══ DATA UNDER STUDY

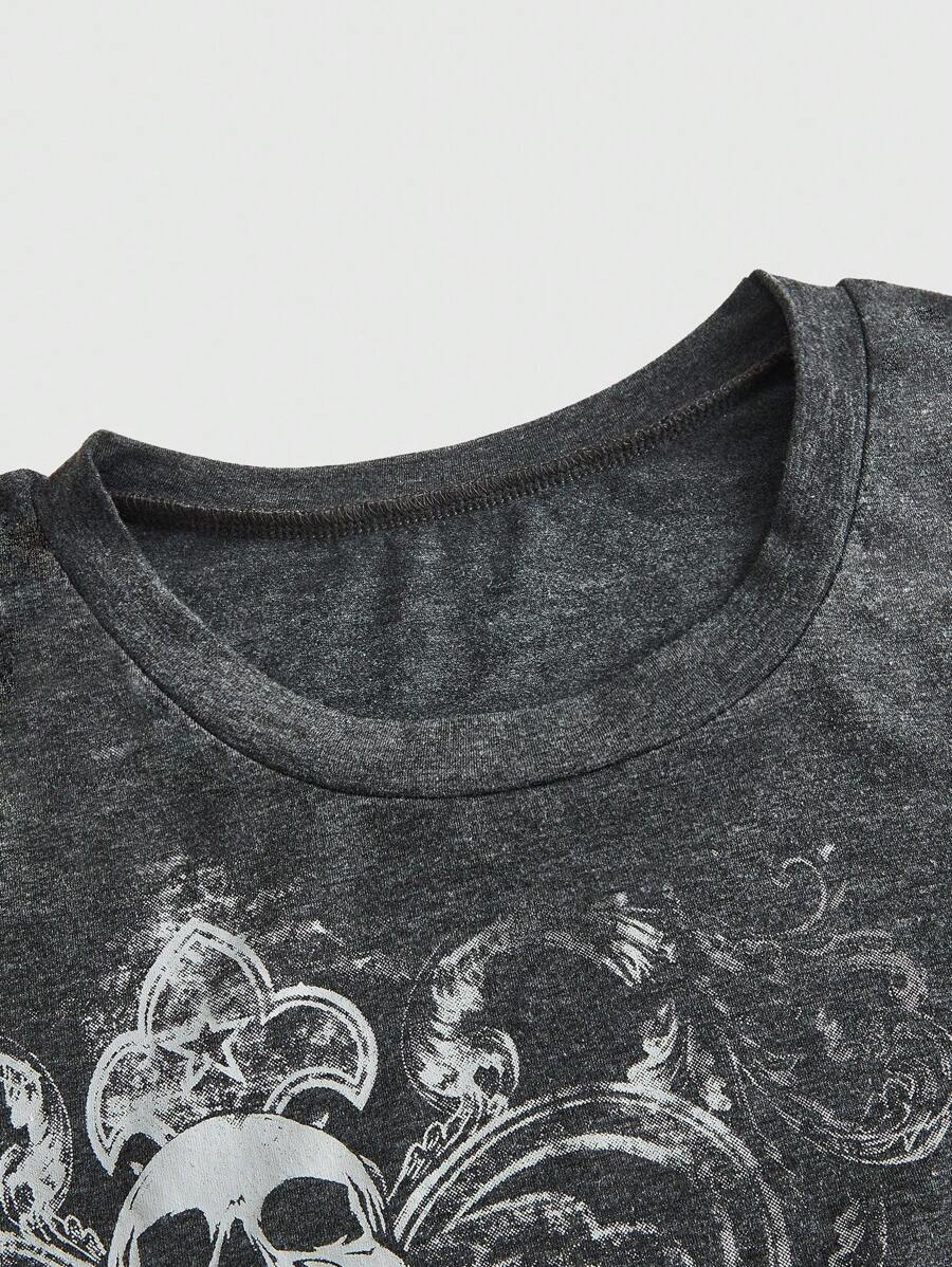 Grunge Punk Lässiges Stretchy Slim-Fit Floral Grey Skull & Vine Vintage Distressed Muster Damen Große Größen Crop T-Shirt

════
══ DATA UNDER STUDY

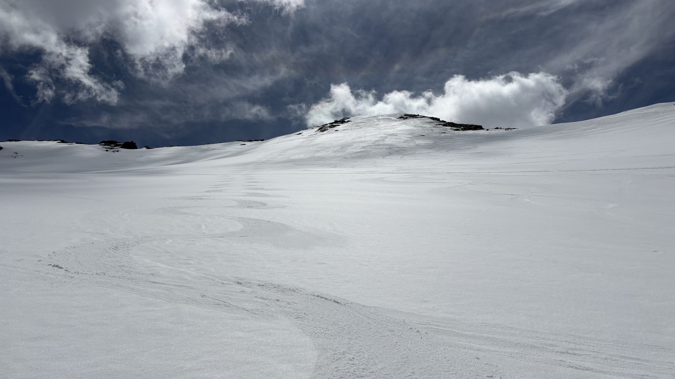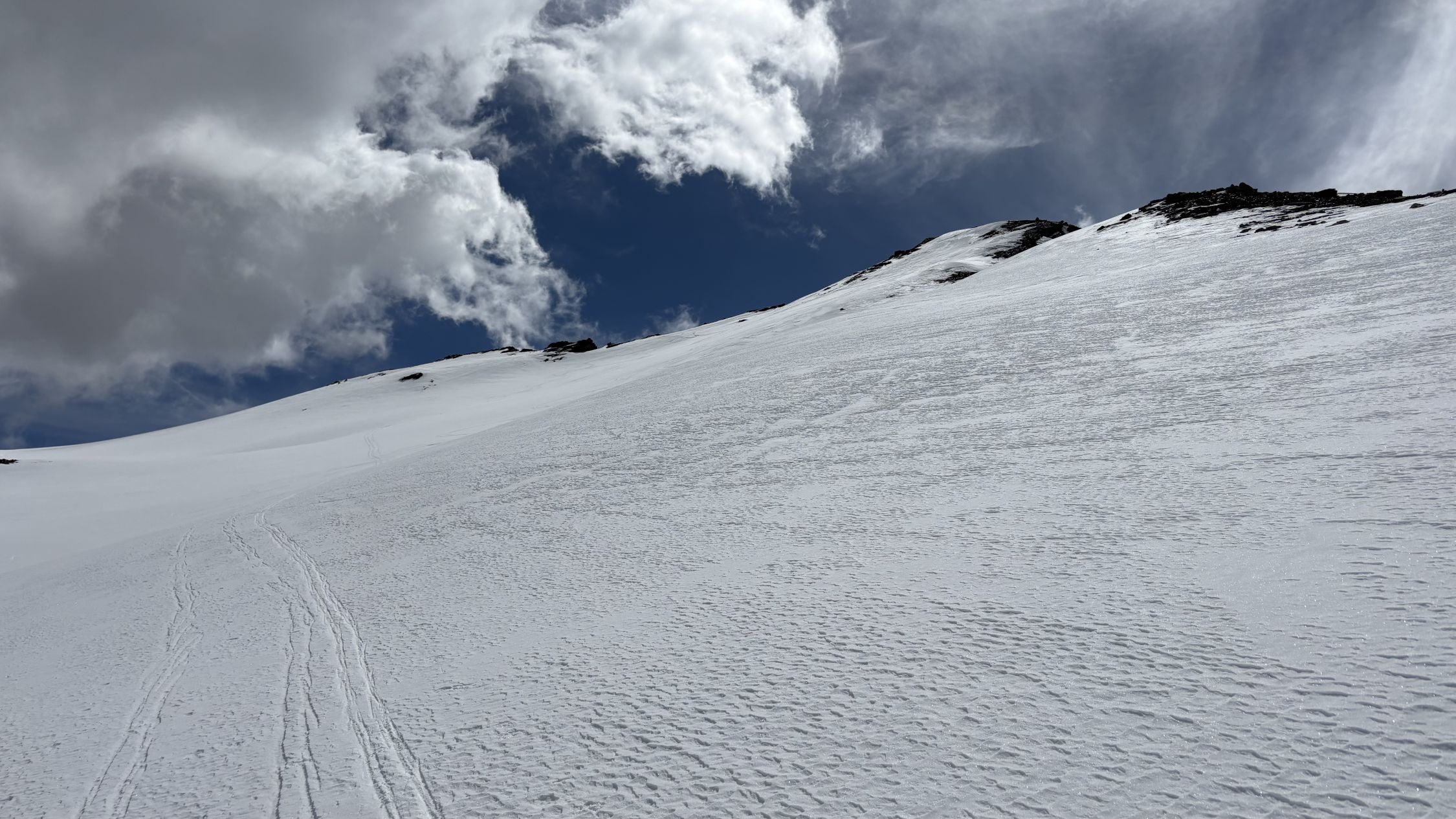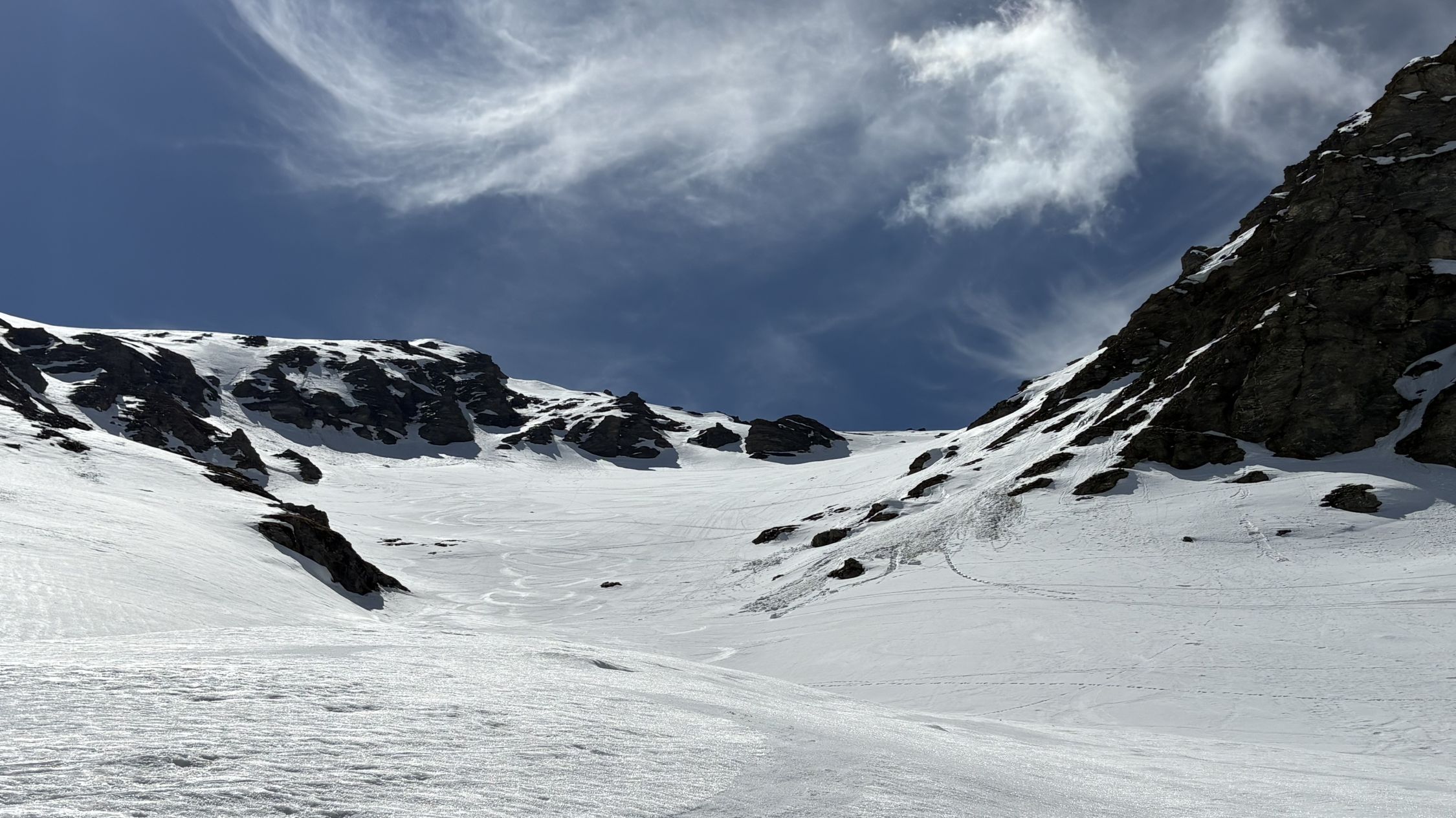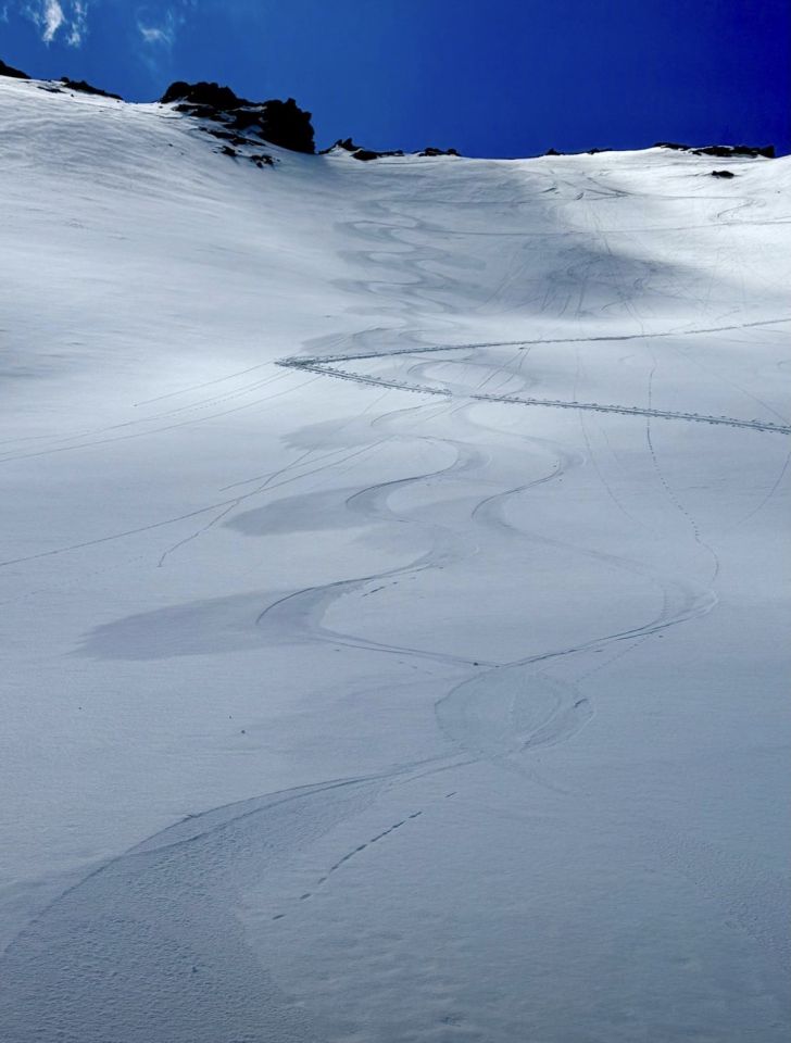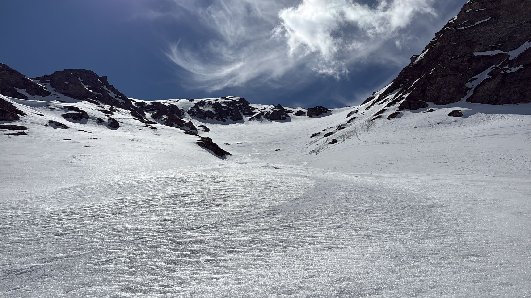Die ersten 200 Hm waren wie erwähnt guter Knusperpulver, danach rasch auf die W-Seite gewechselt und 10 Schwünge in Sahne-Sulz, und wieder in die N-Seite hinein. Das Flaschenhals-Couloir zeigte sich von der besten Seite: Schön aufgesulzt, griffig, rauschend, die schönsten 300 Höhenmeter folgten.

════
══ DATA UNDER STUDY

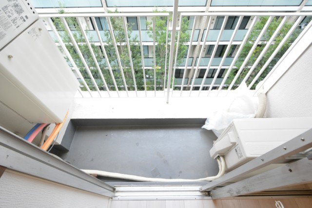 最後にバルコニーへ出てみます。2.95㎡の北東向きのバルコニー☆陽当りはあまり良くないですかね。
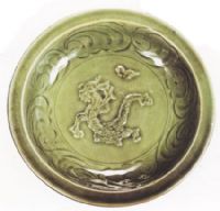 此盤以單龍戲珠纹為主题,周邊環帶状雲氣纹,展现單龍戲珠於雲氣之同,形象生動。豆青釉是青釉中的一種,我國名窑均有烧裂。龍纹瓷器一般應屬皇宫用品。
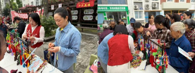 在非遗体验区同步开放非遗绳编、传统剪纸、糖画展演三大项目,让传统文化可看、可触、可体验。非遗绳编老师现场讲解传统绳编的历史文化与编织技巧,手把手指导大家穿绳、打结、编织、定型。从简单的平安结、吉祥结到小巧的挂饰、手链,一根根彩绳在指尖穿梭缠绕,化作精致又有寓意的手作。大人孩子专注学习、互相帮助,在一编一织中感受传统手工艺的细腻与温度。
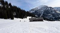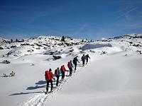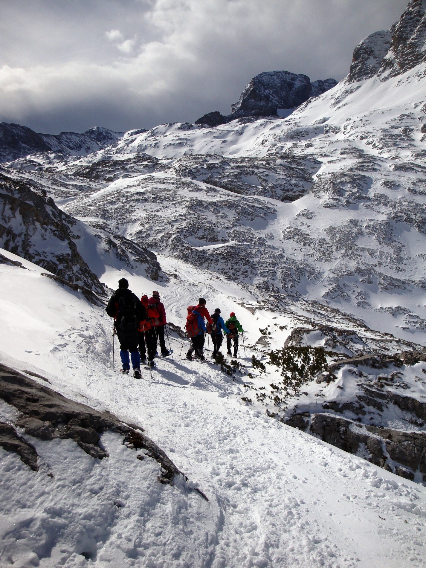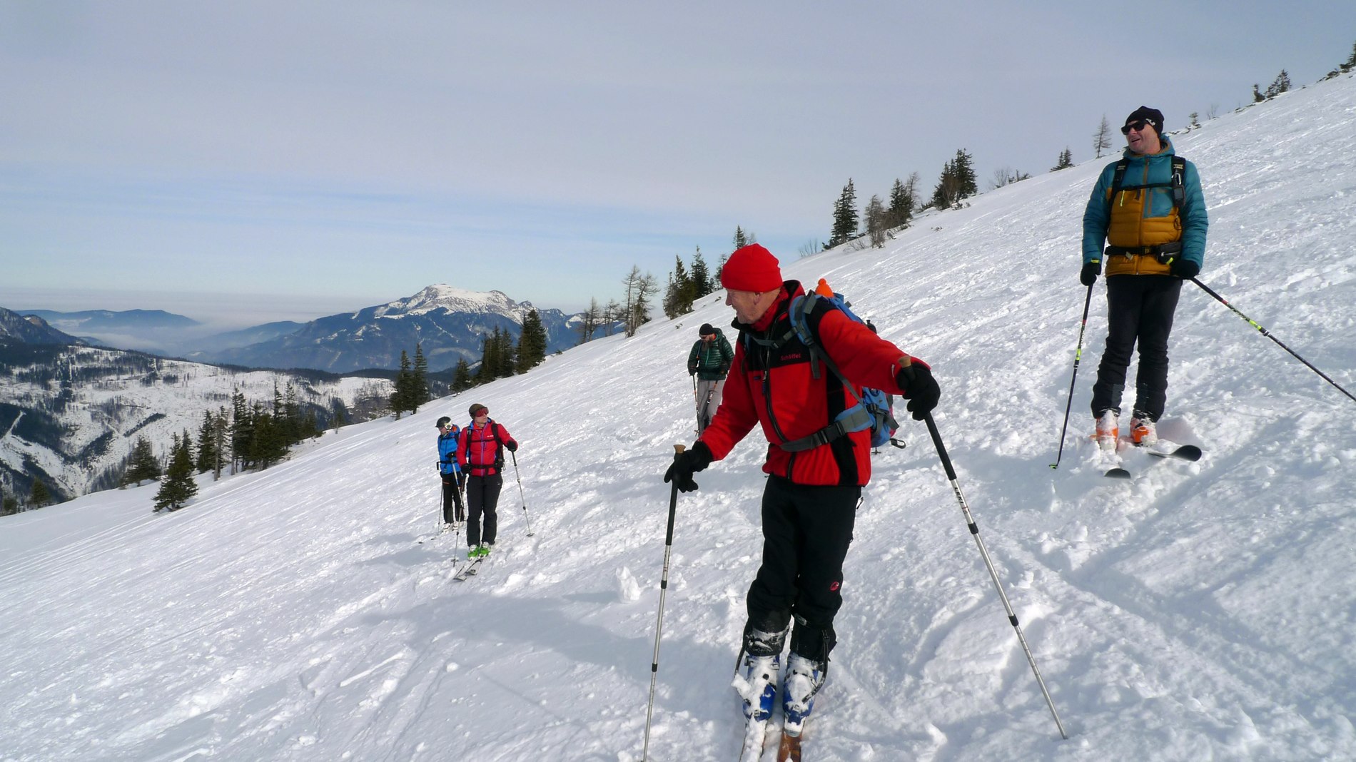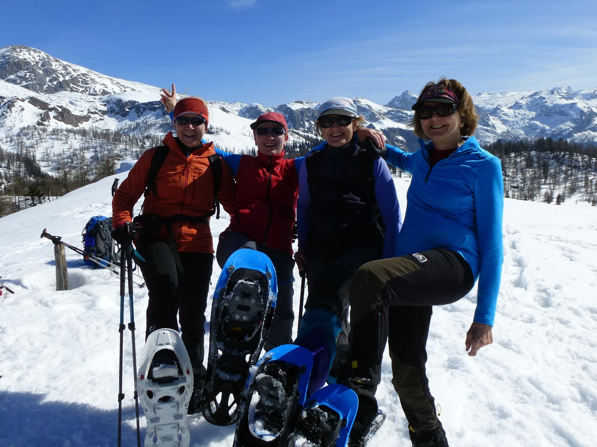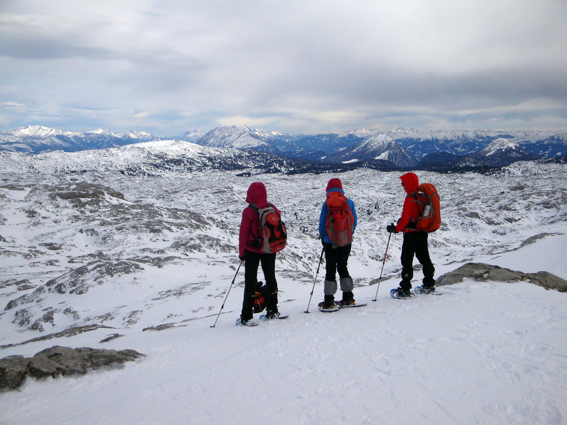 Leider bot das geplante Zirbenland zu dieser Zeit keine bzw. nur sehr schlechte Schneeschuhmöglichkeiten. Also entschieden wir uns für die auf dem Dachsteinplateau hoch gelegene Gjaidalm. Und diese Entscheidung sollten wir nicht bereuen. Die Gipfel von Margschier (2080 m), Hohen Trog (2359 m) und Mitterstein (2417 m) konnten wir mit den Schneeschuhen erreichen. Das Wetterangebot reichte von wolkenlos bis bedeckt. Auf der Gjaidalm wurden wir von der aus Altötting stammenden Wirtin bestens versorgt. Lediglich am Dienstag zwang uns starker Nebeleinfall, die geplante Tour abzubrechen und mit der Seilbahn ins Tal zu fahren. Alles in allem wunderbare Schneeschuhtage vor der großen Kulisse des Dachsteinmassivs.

════

◆ **YOUR ASSIGNMENT**:
Go back to the listing above and write out the lines starting at the one with "此盤以單龍戲珠纹為主题,周邊" and ending at the one with "在非遗体验区同步开放非遗绳编", inclusive, exactly and without pictures.

◆ **OUTPUT FOR THIS EXERCISE**:
 此盤以單龍戲珠纹為主题,周邊環帶状雲氣纹,展现單龍戲珠於雲氣之同,形象生動。豆青釉是青釉中的一種,我國名窑均有烧裂。龍纹瓷器一般應屬皇宫用品。
 在非遗体验区同步开放非遗绳编、传统剪纸、糖画展演三大项目,让传统文化可看、可触、可体验。非遗绳编老师现场讲解传统绳编的历史文化与编织技巧,手把手指导大家穿绳、打结、编织、定型。从简单的平安结、吉祥结到小巧的挂饰、手链,一根根彩绳在指尖穿梭缠绕,化作精致又有寓意的手作。大人孩子专注学习、互相帮助,在一编一织中感受传统手工艺的细腻与温度。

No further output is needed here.